Oh dear. Hope curled up in its shell. ‘Ah, that’s the tricky part. One of the most difficult parts. Remember what I said about the price? The heartache? The loneliness? The financial hardship?’ He shrugged. ‘It’s your job as story-teller to make all this real for the reader.’

Helen looked at him unsteadily. ‘But what makes her leave her family? Her loved ones?’

Ben said: ‘But they’ve already left her, haven’t they?’

‘Yes, but only … physically. Geographically. They’re still a family.’

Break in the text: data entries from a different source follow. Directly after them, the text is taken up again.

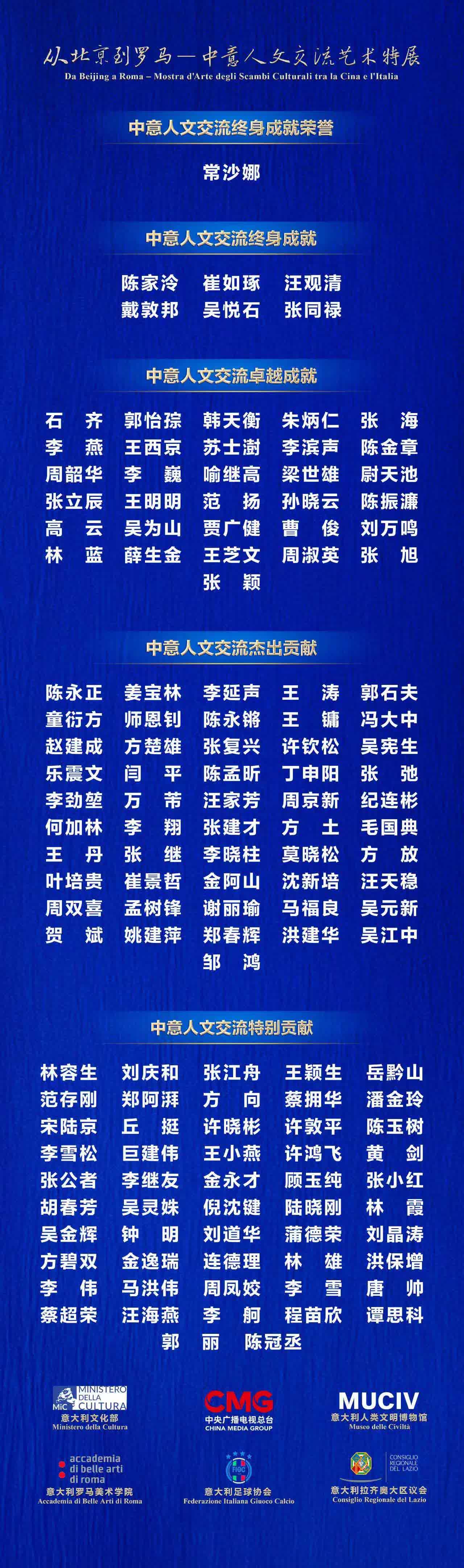 10月24日,「從北京到羅馬」——中意人文交流系列榮譽頒授活動在京舉行,141位藝術家分獲「終身成就」「卓越成就」「傑出貢獻」和「特別貢獻」等榮譽。中宣部副部長、中央廣播電視總台台長慎海雄,國家體育總局副局長、黨組成員佟立新,廣東省委常委、宣傳部部長胡勁軍,全國政協副秘書長、民盟中央專職副主席、中國美術家協會副主席吳為山以及意大利駐華大使館官員、藝術家代表出席活動。國際奧委會主席考文垂視頻致辭。
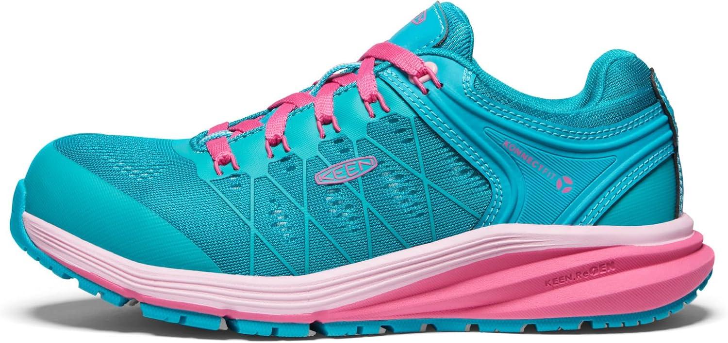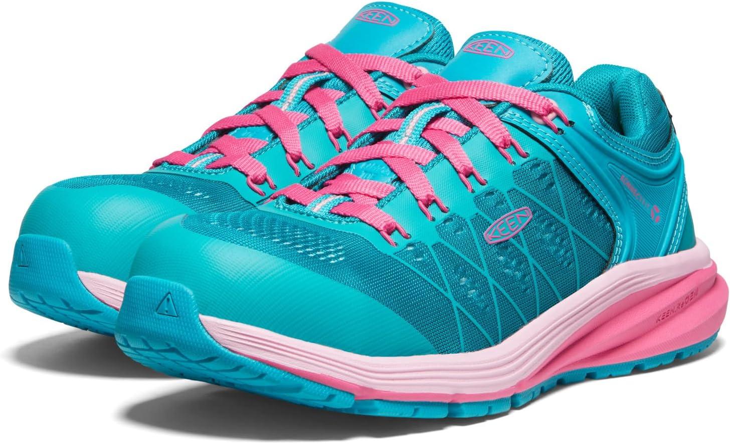 KEEN Utility Women’s Vista Energy Low Height Sneakers Composite Toe Industrial Work Shoes(Capri Breeze/Hot Pink)
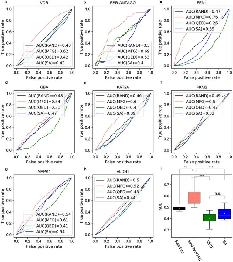 研究发现,大多数来自生物活性化学空间或药物化学空间的化合物符合RO5的规则,如图2a、b所示。但是RO5标准在其他基准集上表现不佳,因此在筛选候选药物时,RO5可能会出现过高的假阳性率。另外,作者发现QED的评分结果出现了误导性的趋势,其中ZINC和REAL分别获得了比ChEMBL、CNPD和Cortellis-Drugs更高的评分(如图2c、d所示),这意味着在一些商业化合物库用于药物筛选时,这些评价方法可能会适得其反。此外,BNN(AE+GCNN)能够很好地区分药物化学空间和可合成的化学空间,在生物活性库(ChEMBL、CNPD)的评分分布也符合预期(如图2e所示)。但是,当将其应用于过滤生成模型生成的分子时,BNN在生成库GA和VAE-ZINC-S也获得了高分,这意味着它可能有助于HTS或vHTS,但在过滤生成模型得到的分子时,可能会出现高误报率。如图2e,MolFilterGAN模型在不同化学空间的基准数据集上表现出色,能够很好地区分药物或生物活性分子和可合成分子。相比其他方法,该模型在VAE-ZINC-S或GA的得分上有所降低,这表明MolFilterGAN能够过滤掉低质量的生成化合物,减少高假阳性率的问题。研究结果表明,MolFilterGAN在区分不同来源的化合物方面表现更好,适合评估受益于其稳健的判别能力的分子。
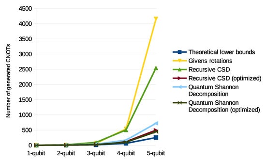 There is a theoretical lower bound for the number of CNOTs resulting from the decomposition of an n-qubit gate, and it is mathematically proven to be [15]. There are implementations that reach this number for one and two-qubit gates [15], as outlined in the next sections. This lower limit is included in the comparison, because it is useful to keep in mind what is and is not possible in terms of algorithms for unitary decomposition.
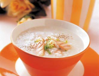 3. 把鸡肉剥下,撕成细条,放入粥内,加入调料即可。
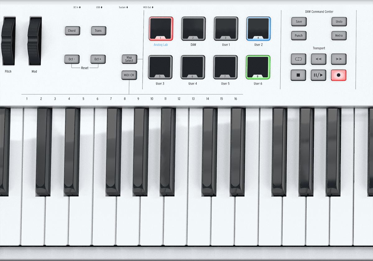 8 pads, 9 rotaries, 9 faders, and an expressive keyboard, but so, so much more. Music is at the heart of this controller. Every aspect of KeyLab Essential has been carefully chosen to give you the best possible experience when creating and performing. KeyLab Essential makes navigating inside your recording software a breeze thanks to the dedicated DAW Command Center, and makes browsing your presets an exciting and inspiring experience.
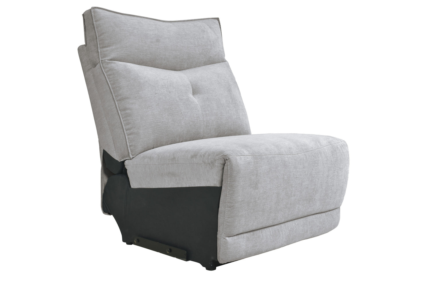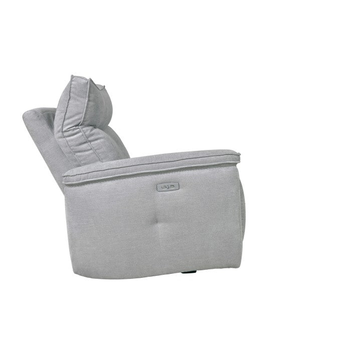 Providing ample seating in modern form the Tesoro Collection. The classic sectional shape is book-ended by USB port enhanced end power recliner and end chaise unit – allowing for maximum versatility when planning the layout of your living room. Mist gray fabric provides a neutral palette for your decorative preferences. The power reclining mechanism of the reclining ends and armless chair brings you to your desired position with a touch of the button. Providing additional support is the USB enhanced ports, console unit - with storage and stainless steel cup holders - and the power operated headrest that allows you to further customize your comfort experience.

Ben shook his head. ‘Yes and no. That’s the whole point. The family goes on, sure, but it ain’t what it used to be. The story is how the heroine who’s left behind handles that problem. Look at your friends and ask yourself what you think their problem is. The details of it. And look at yourself.’ (It was on the tip of her tongue to protest that she didn’t have a problem.) Ben pointed at the photograph of Clyde, and for the moment he was entirely altruistic: ‘Ask yourself how your life with Clyde has changed – for better or worse – and why. Is there the same excitement of facing the future together? Obviously not, now is the future. What’s the difference between that excitement of yesteryear, those hopes, and the reality of now? How much disappointment is there?’ He looked at her earnestly. ‘What do you talk about these days? The same things you talked about twenty years ago when you were fresh from university and he was a horny young sheep-shearer desperate to carry you off to his mortgaged station?’ He shook his head. ‘No, of course not you’ve said all that: but have you … supplemented your conversations – together – so that you’ve still got things to talk about, to interest each other in? If not, why not? For example, do you both read good books, or only one of you? Do you even share the same interests now – or is it really only the common interest of survival?’ Helen was hanging on his words. ‘Yes, you love him, but not in the way you did when you first married him, when you were so crazy about him that you quit university. What does he mean to you now, Helen, twenty years on? And why? And is it enough, in all the circumstances, that you – or your heroine – must pay for it with the precious remnants of her youthfulness?’ He looked at her, and his altruism faltered. ‘What’s her sex-life like? Ask yourself what yours is like.’ Helen blinked. ‘Is it what it used to be twenty years ago, when you couldn’t get enough of each other? Of course not, nobody can keep up that enthusiasm. No, it’s changed, but to what?’ Helen blinked again. ‘Once a week, when he’s home – once a fortnight? Once a month? Why so seldom? Is it because you’re ageing? No. Is it because he’s ageing? No, he’d do three times a night with a new chick. So?’ He tapped his head. ‘So it’s up here.’ He leant out and tapped her head. ‘But what’s up here? Or in your heroine’s head? And what does she want to do about it, and how? That’s what the story-teller’s got to fascinate the reader with.’